■ **Task goal**:
Reproduce exactly the lines below, from the first one through the line containing "С одной стороны", and omit any pictures.

■ **Material provided**:
= Beginning of Section =
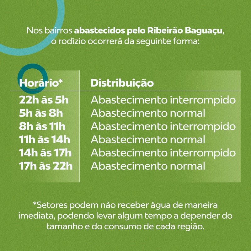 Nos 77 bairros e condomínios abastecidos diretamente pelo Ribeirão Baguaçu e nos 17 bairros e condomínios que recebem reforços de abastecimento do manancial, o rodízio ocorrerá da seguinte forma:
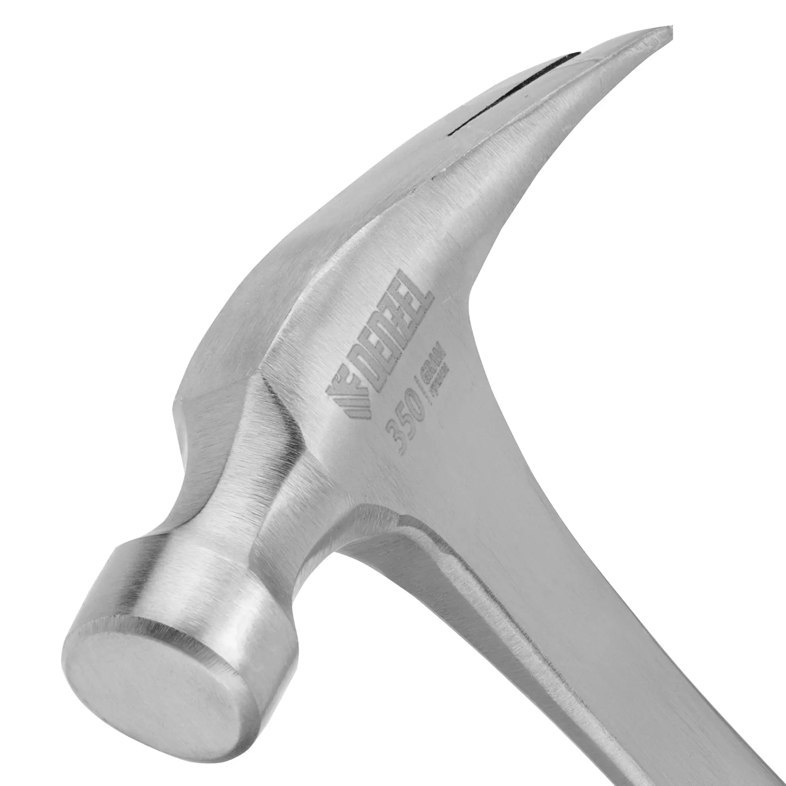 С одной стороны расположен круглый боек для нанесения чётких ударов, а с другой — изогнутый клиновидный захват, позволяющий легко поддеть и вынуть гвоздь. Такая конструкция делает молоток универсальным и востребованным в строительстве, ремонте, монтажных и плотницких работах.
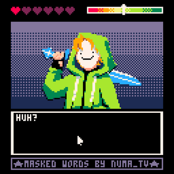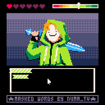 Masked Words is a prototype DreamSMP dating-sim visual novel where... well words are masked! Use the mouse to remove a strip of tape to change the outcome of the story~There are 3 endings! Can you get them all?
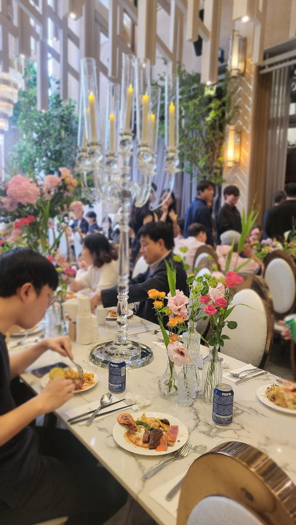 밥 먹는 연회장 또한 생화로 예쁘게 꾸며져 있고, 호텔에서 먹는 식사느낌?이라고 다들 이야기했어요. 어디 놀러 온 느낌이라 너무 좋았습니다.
= End of Section =
■ **Response for this exercise**:
 Nos 77 bairros e condomínios abastecidos diretamente pelo Ribeirão Baguaçu e nos 17 bairros e condomínios que recebem reforços de abastecimento do manancial, o rodízio ocorrerá da seguinte forma:
 С одной стороны расположен круглый боек для нанесения чётких ударов, а с другой — изогнутый клиновидный захват, позволяющий легко поддеть и вынуть гвоздь. Такая конструкция делает молоток универсальным и востребованным в строительстве, ремонте, монтажных и плотницких работах.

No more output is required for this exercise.